Using the records below, write out again exactly the lines that begin at the line containing "9月13日,在长寿花食品股份有限公司玉米油生产线,工作人员在流水线上作业。" and end at the line containing "Positioned within a", and no other lines.

• **Information given**:
|---|
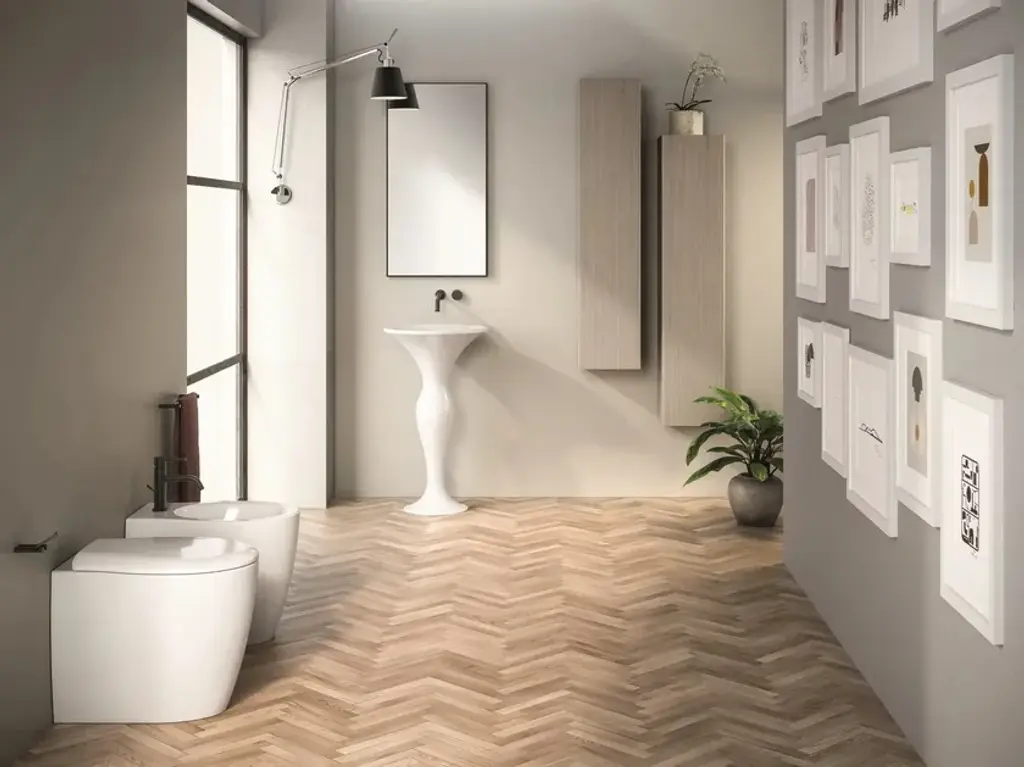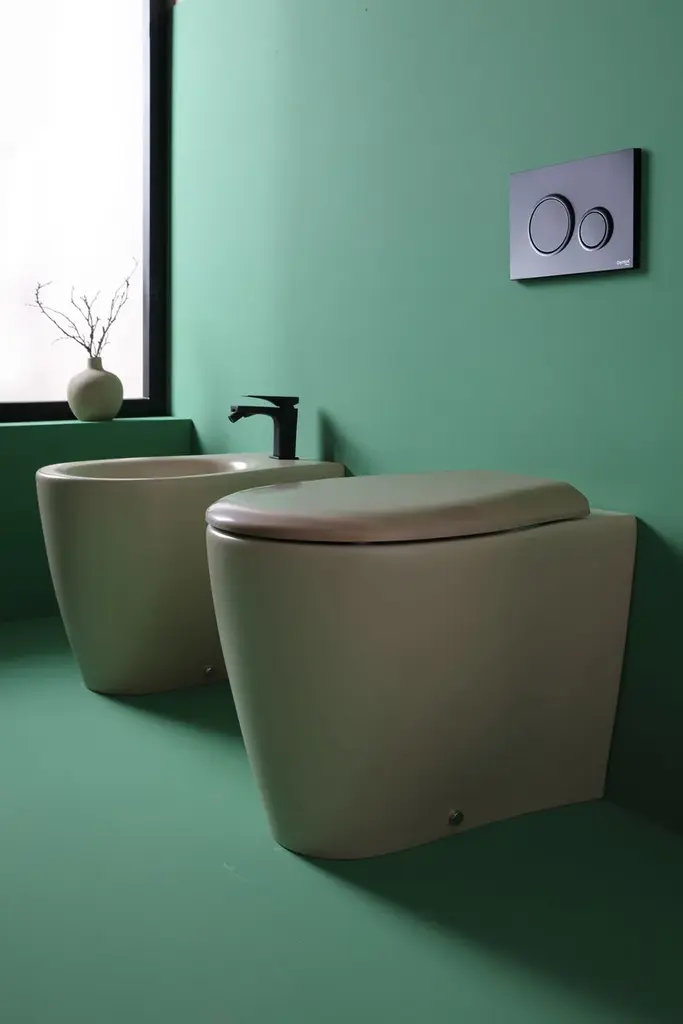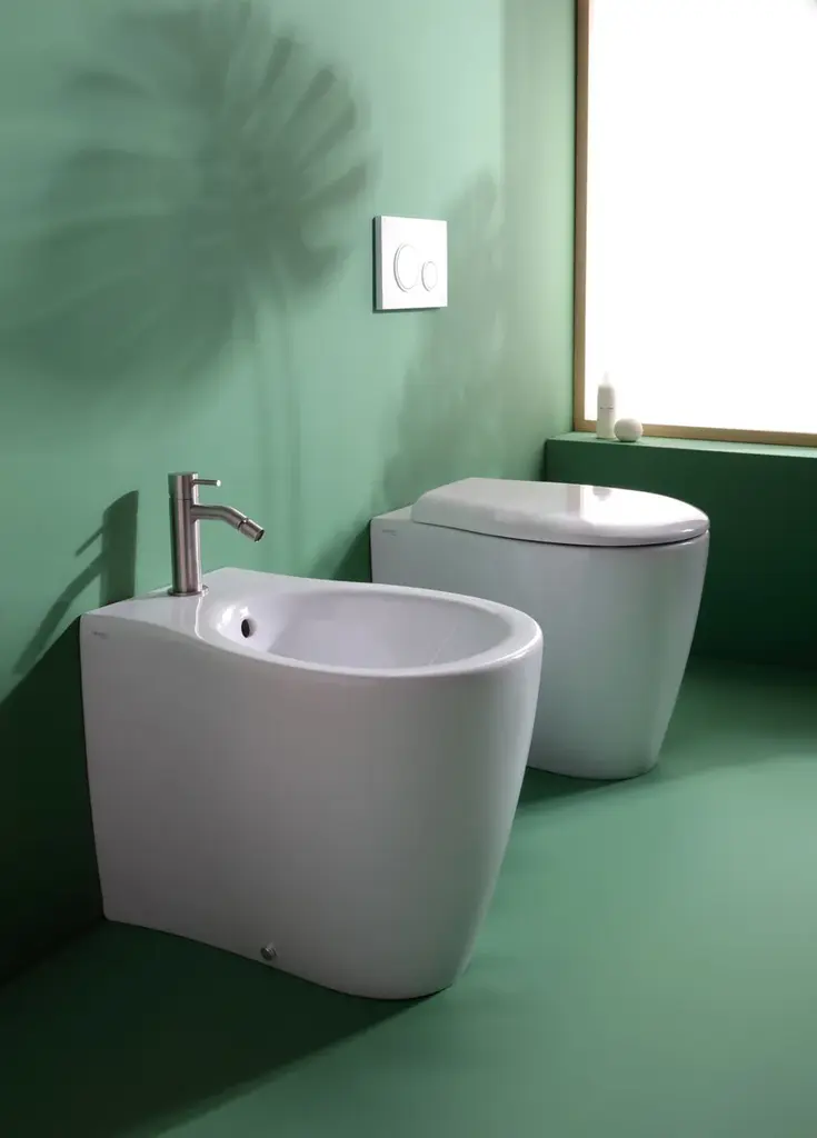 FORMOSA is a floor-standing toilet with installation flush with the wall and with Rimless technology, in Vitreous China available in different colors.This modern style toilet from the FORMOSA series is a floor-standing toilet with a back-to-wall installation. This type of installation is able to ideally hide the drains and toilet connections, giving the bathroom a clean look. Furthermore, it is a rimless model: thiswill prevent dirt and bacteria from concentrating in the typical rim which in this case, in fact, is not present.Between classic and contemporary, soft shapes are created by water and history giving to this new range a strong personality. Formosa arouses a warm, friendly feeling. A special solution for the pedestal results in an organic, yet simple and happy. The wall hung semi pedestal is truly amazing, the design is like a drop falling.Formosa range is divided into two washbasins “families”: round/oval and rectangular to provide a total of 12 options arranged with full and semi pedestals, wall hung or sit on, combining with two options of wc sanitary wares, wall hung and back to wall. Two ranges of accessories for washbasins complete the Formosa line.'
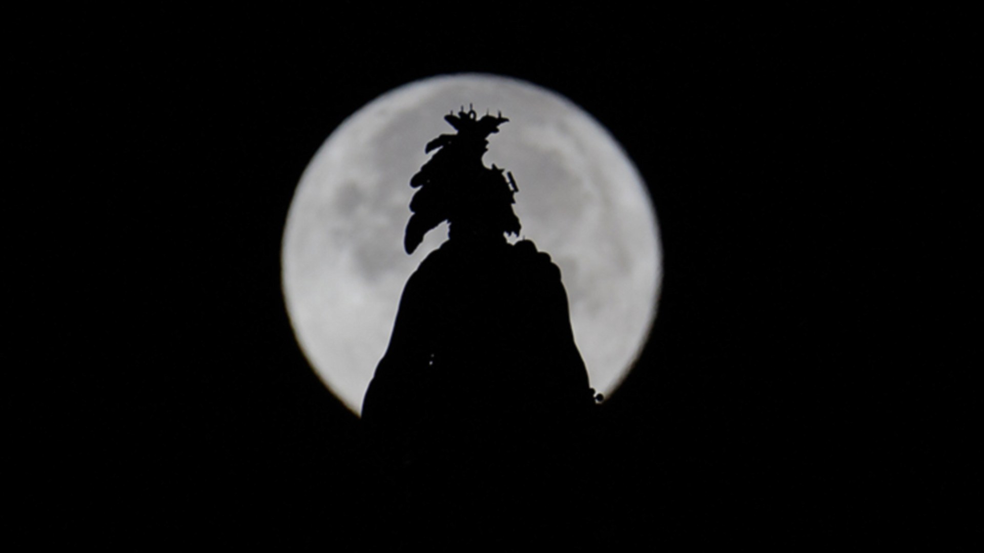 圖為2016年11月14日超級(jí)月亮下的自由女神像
|---|
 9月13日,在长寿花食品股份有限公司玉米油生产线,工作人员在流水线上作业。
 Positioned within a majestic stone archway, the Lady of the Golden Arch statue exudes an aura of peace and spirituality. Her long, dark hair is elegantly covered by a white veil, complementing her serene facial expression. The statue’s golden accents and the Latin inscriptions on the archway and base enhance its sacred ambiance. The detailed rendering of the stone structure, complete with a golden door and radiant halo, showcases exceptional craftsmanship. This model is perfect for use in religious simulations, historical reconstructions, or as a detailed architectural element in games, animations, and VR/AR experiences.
|---|
• **Solution for this problem**:
 9月13日,在长寿花食品股份有限公司玉米油生产线,工作人员在流水线上作业。
 Positioned within a majestic stone archway, the Lady of the Golden Arch statue exudes an aura of peace and spirituality. Her long, dark hair is elegantly covered by a white veil, complementing her serene facial expression. The statue’s golden accents and the Latin inscriptions on the archway and base enhance its sacred ambiance. The detailed rendering of the stone structure, complete with a golden door and radiant halo, showcases exceptional craftsmanship. This model is perfect for use in religious simulations, historical reconstructions, or as a detailed architectural element in games, animations, and VR/AR experiences.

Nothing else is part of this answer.